Search code examples
machine-learninggoogle-cloud-automl

What causes Google Auto ML to error out with "Missing labels in training/test/eval split"?


I have a training set of 1.6 M records and my target has 493 unique values (categorical data).

I am getting an error saying

Missing label(s) in train split: target column contains 493 distinct values, but only 485 present.
Missing label(s) in test split: target column contains 493 distinct values, but only 403 present. 
Missing label(s) in eval split: target column contains 493 distinct values, but only 403 present. 
There must be at least one instance of each label value in every split.

What do they mean then saying present are there empty values in my data set or what kind of errors do I look in my training data set?


Solution

  • The root cause of this issue is that you do not have enough data of one, or several, of the distinct labels. That causes one of the values to not appear on one of the sets. By default AutoML would split the data into Train, Eval and Test as 80%, 10%, 10%. This may depend on which section of AutoML are you using but I think that it is roughly the same for all (see AutoML Tables or AutoML Vision).

    It is required that all the labels exist in all the three splits. Therefore, even if all the labels are there in the original data, it does not mean that the label will be in all the splits. Given the amount of data you have, this may happen if some labels are uncommon (low ratio).

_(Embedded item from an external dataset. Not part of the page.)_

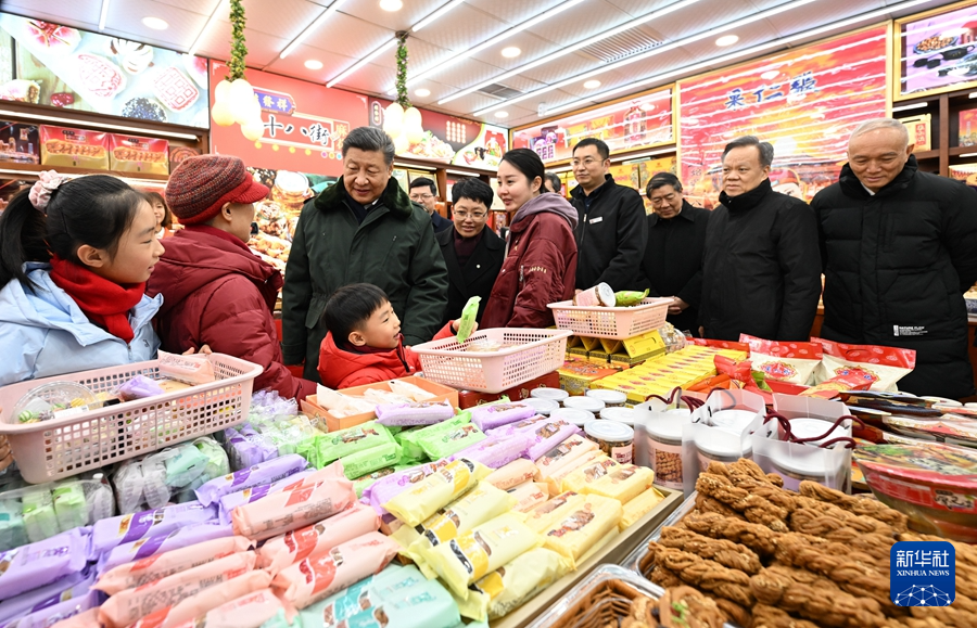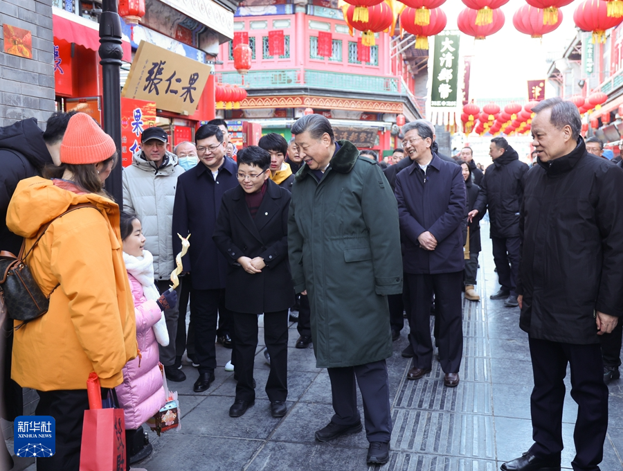 当天下午,习近平来到天津古文化街。街道古色古香,习近平沿街步行,先后走进桂发祥十八街麻花、果仁张、泥人张、杨柳青年画等特色店铺,了解产品种类、销售和传统文化传承发展等情况,同店铺业主、员工和现场群众互动交流。他说,各级党委和政府要加强节日期间民生商品的产销保供,确保数量充足、品类丰富、质量可靠,让广大群众放心消费、快乐过年。习近平指出,中国式现代化离不开优秀传统文化的继承和弘扬,天津是一座很有特色和韵味的城市,要保护和利用好历史文化街区,使其在现代化大都市建设中绽放异彩。

    Solution for this are:

    • Add more data that contains the troublesome labels. Try to balance the amount of data you have of each label to ensure all of them will appear in each split.
    • Use the data split column, the time column or any other of the other known methods to manually specify each of the splits.
    • Remove the labels that have too small occurrences. This can be a quick solution if you are unable to follow any of the aforementioned ones

    Alternatively, this can be due to some data not properly recognized by AutoML which results in invalid data and those records being discarded which ultimately results in the aforementioned root cause. If that is the case, which can be checked by trying the aforementioned solutions and failing to solve the problem, I recommend reaching GCP support as it is probably an issue in the AutoML feature.